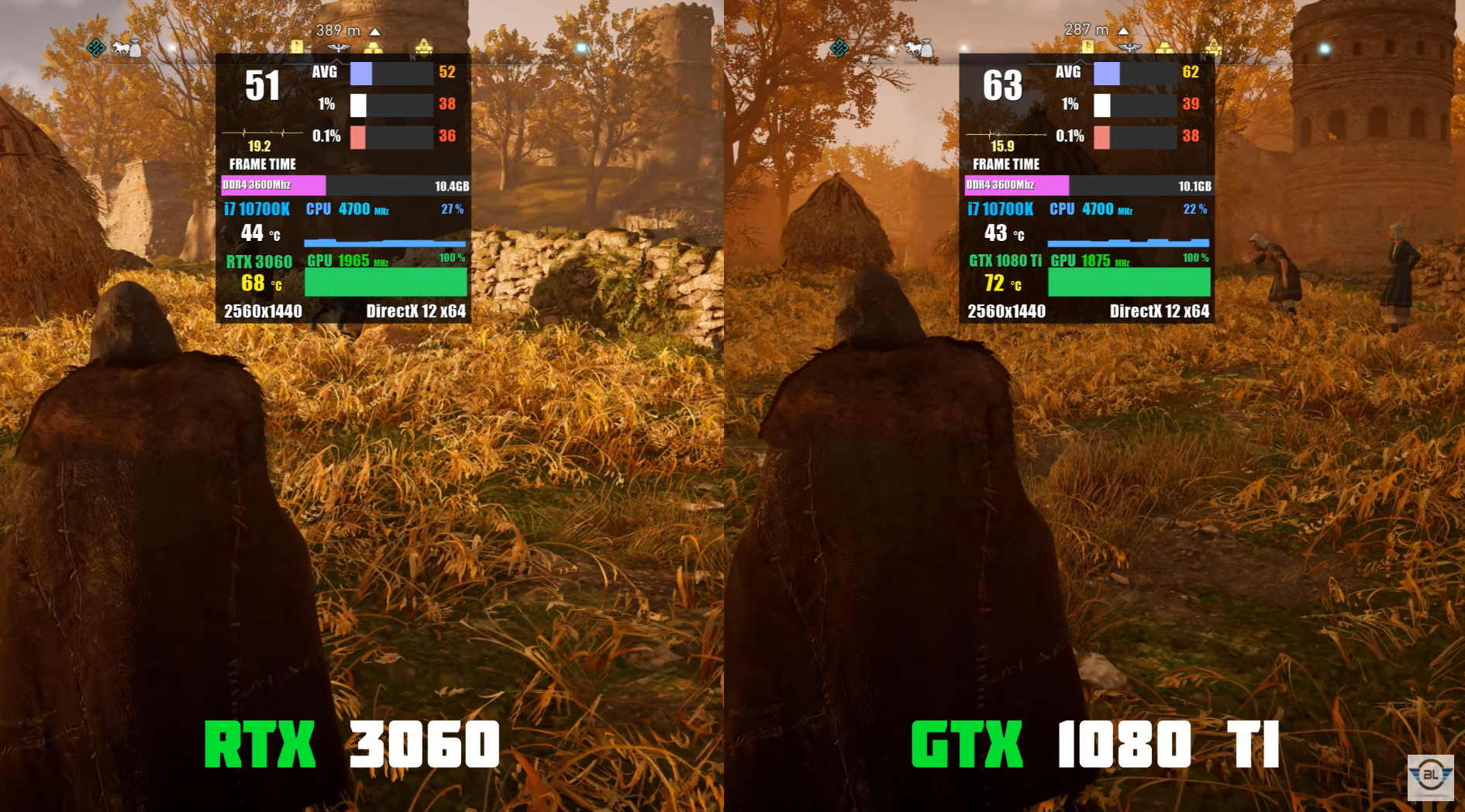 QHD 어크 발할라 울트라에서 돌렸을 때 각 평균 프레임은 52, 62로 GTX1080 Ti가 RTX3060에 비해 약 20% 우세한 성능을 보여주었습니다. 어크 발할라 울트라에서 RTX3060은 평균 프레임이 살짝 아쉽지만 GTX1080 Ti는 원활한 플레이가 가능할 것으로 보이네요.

==

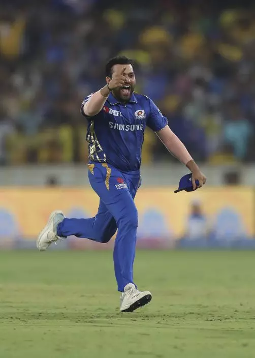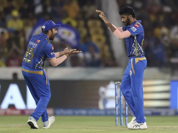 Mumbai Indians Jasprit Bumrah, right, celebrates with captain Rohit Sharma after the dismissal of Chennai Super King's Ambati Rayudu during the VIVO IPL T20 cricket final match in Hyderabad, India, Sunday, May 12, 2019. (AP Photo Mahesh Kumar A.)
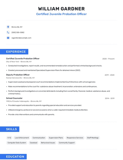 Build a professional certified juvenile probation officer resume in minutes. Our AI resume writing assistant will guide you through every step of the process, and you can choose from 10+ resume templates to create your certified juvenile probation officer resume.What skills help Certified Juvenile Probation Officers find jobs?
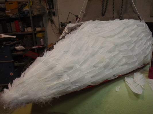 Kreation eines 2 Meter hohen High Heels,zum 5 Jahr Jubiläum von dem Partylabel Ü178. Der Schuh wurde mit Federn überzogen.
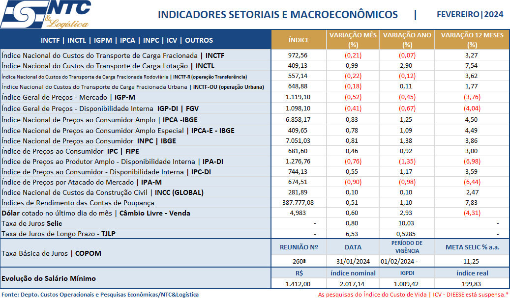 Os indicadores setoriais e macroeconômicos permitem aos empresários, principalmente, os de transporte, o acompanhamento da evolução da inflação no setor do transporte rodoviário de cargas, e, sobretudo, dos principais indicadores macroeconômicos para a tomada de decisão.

...

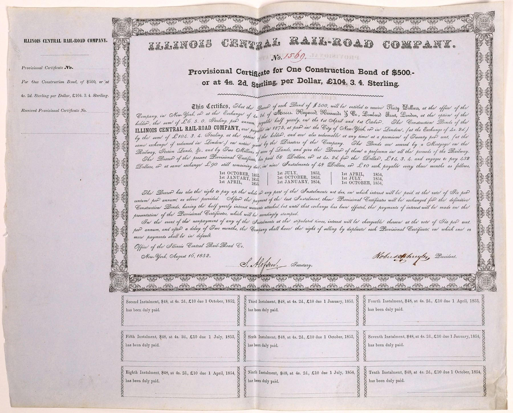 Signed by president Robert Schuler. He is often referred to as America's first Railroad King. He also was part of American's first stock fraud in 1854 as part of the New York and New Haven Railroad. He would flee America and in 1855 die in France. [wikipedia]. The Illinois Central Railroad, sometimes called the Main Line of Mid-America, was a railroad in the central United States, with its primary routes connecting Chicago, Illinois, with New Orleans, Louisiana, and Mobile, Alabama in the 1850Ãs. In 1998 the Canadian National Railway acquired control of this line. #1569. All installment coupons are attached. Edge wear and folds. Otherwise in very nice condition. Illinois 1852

YOUR INSTRUCTIONS: Only the lines between the one with "Build a professional" and the one with "Os indicadores setoriais", those two included, get copied from the material above. Keep it exact and free of pictures.

ANSWER SPACE:
 Build a professional certified juvenile probation officer resume in minutes. Our AI resume writing assistant will guide you through every step of the process, and you can choose from 10+ resume templates to create your certified juvenile probation officer resume.What skills help Certified Juvenile Probation Officers find jobs?
 Kreation eines 2 Meter hohen High Heels,zum 5 Jahr Jubiläum von dem Partylabel Ü178. Der Schuh wurde mit Federn überzogen.
 Os indicadores setoriais e macroeconômicos permitem aos empresários, principalmente, os de transporte, o acompanhamento da evolução da inflação no setor do transporte rodoviário de cargas, e, sobretudo, dos principais indicadores macroeconômicos para a tomada de decisão.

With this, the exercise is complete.